Stellar (XLM) remained under pressure on Tuesday despite a slow recovery following last week’s market correction.
The weak crustal pattern and mixed signals suggest that the recent gains may be a correction rather than a sustained evolution.
Market data shows that traders continue to be biased, which encourages caution in both stocks.
Stock markets show growing bearish sentiment
Latest derivatives from CoinGlass it shows that traders are becoming increasingly pessimistic. XLM’s long-short ratio fell to 0.73 on Tuesday, nearing its lowest reading in more than a month.
A ratio below 1 indicates that the short positions outweigh the long positions, indicating expectations of further price declines.
The bearish bias is also reflected in currency prices. XLM’s stock price fluctuated on Monday and continued to decline on Tuesday.
Inexpensive funds show that short sellers are paying off long positions, a sign that traders are increasingly willing to go lower.
CryptoQuant’s market summary shows mixed but slightly negative sentiment on XLM. The data shows rising activity in both the futures and futures markets, with an increase in sellers and buying controls.

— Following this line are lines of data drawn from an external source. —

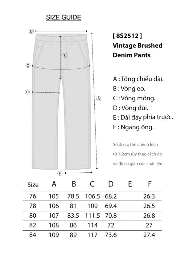 Quần Jeans 8S Vintage Brushed ( Wide Fit ) APTP
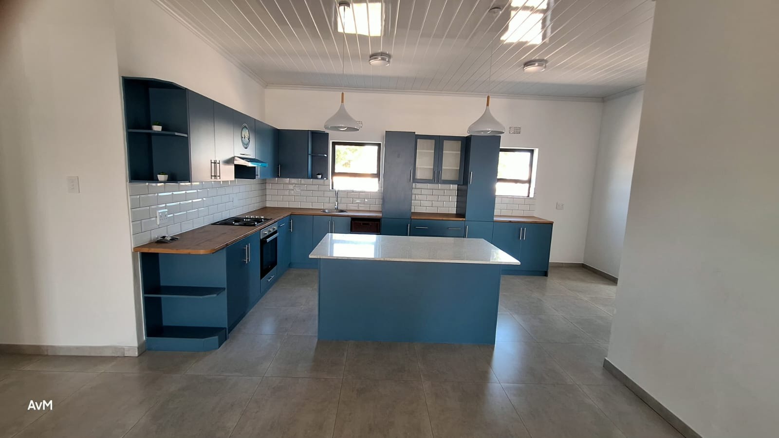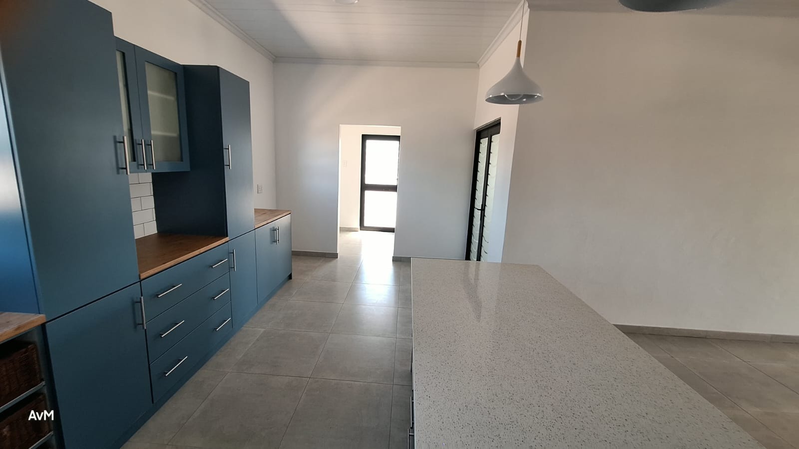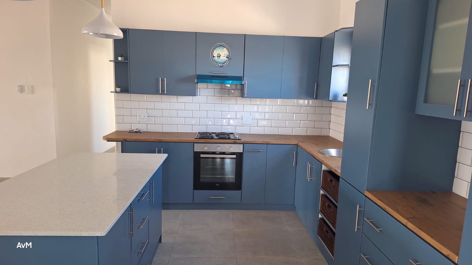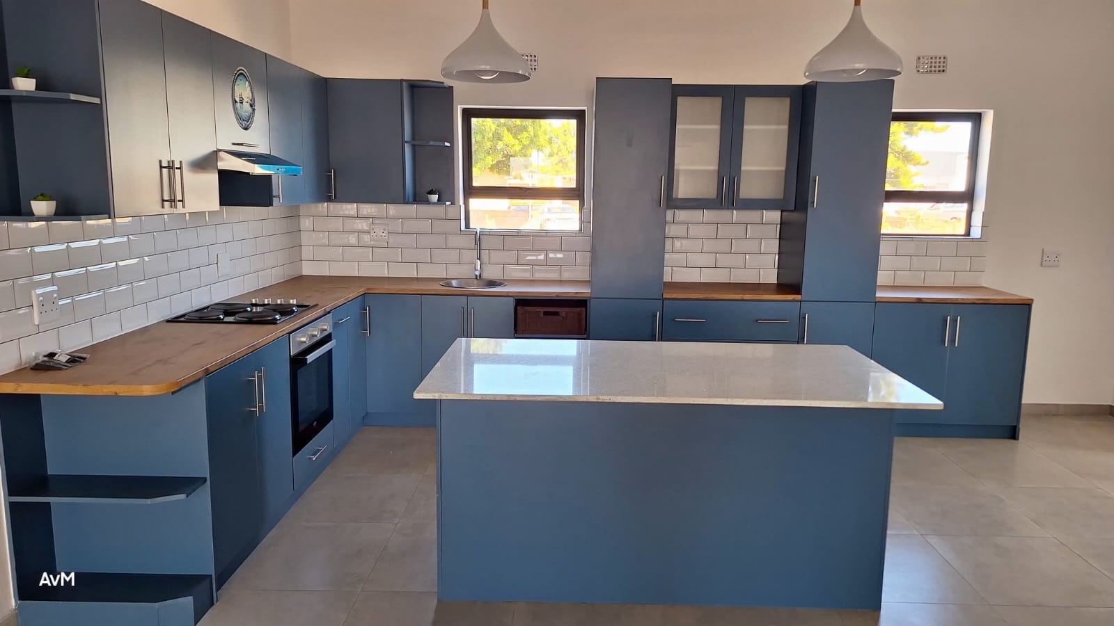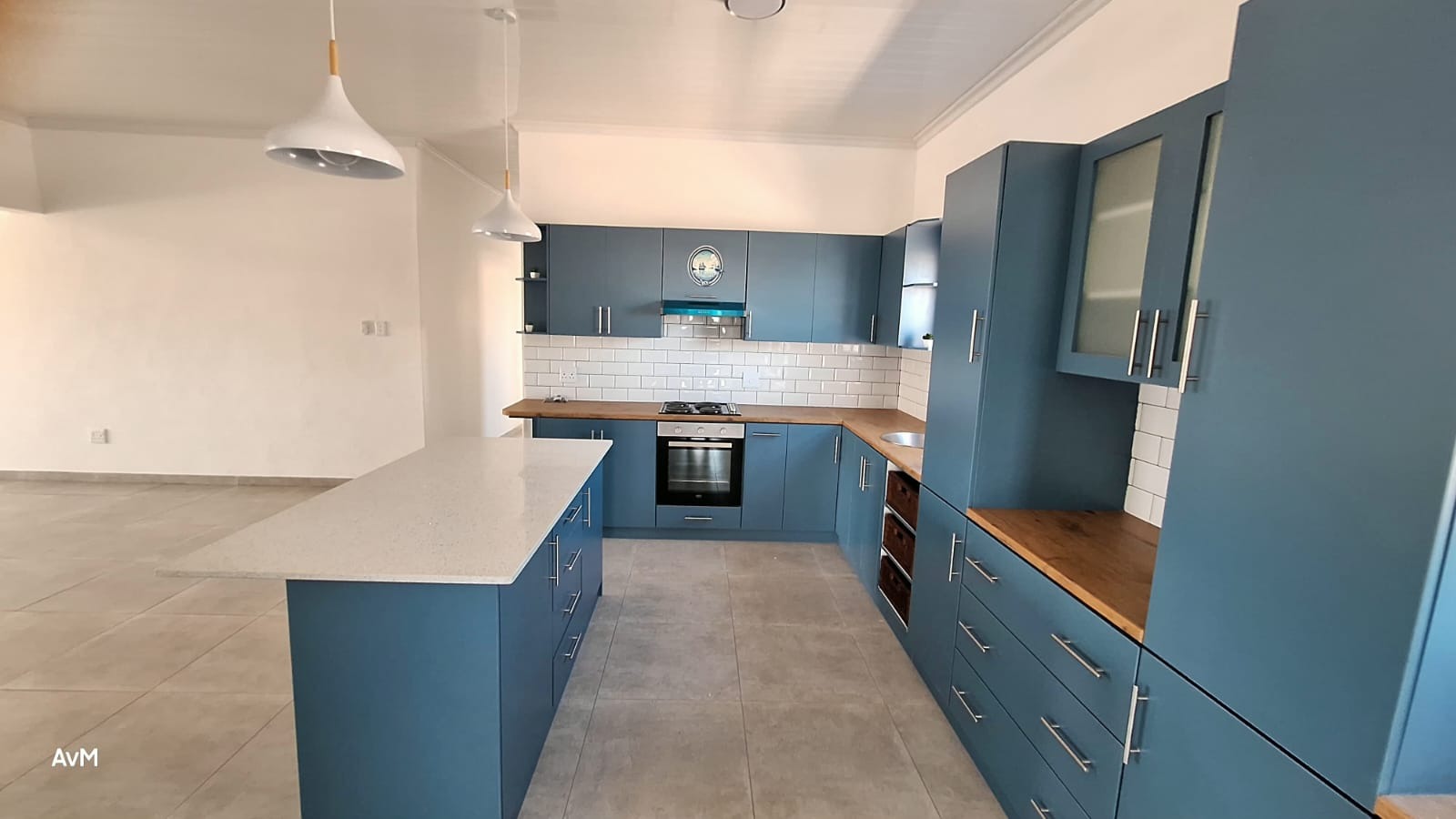 Step inside to an inviting open-plan layout, meticulously designed for contemporary living. The spacious lounge and dining areas flow seamlessly, characterized by fresh white walls and light grey tiled flooring that extends throughout the home, creating a bright and airy ambiance. The heart of this residence is the modern kitchen, a true highlight with its stylish blue cabinetry, crisp white subway tile backsplash, and warm wooden countertops. A functional kitchen island, featuring a contrasting light-colored surface, provides additional workspace and a central gathering point. The kitchen is equipped with new built-in appliances, including an oven, hob, and extractor fan, ensuring a delightful culinary experience. Ample storage solutions contribute to a clutter-free environment, while contemporary pendant lighting adds a touch of sophistication.
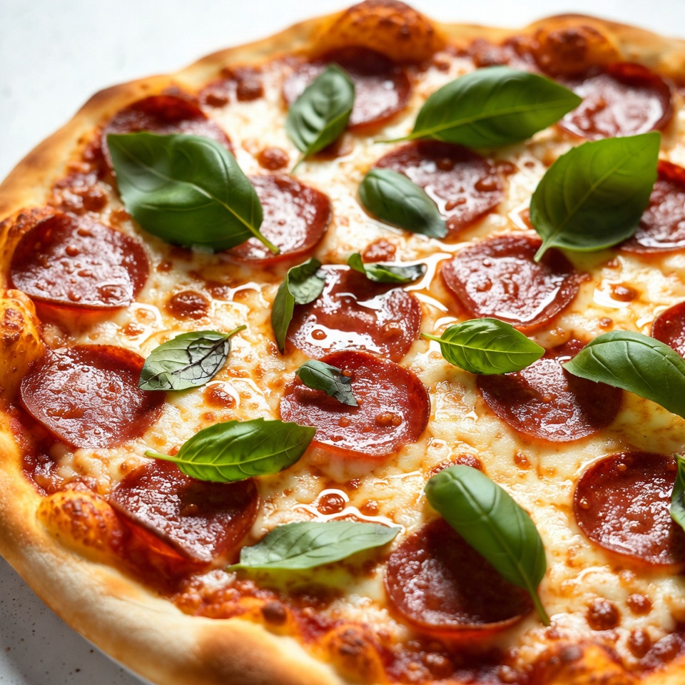 Italian food, basil leaves, cheese pizza, closeup, food, food photography, fresh basil, golden crust, gourmet pizza, green herbs, melted cheese, pepperoni, pepperoni pizza, sliced pepperoni, tomato sauce, white background, pizza

While the rise in purchasing activity may seem positive, market overheating often leads to short-term pullbacks, reducing the likelihood of a sustainable recovery.
Stellar price prediction: Momentum is starting to fade
Stellar is trading near $0.195 on Tuesday, holding above the 50- and 100-day EMA at $0.182 and $0.179, respectively.
Although this placement supports the neutral position to some extent, XLM continues to meet the 200-day EMA near $0.198.
Technical indicators show that momentum is cooling. The RSI is close to 45, indicating that the market is positive. The MACD has dipped below the zero line, indicating weakening bullishness and raising the risk of further moves if buyers fail to regain control.
If the rally resumes, the long-term resistance is at the 200-day EMA at $0.198, with the next target at $0.226.

However, if the sellers continue to dominate, the initial support is seen at $0.185, with the next level at the 50-day EMA at $0.182.
A daily candle that closes below these levels would indicate the lower areas at $1.79 and $1.43.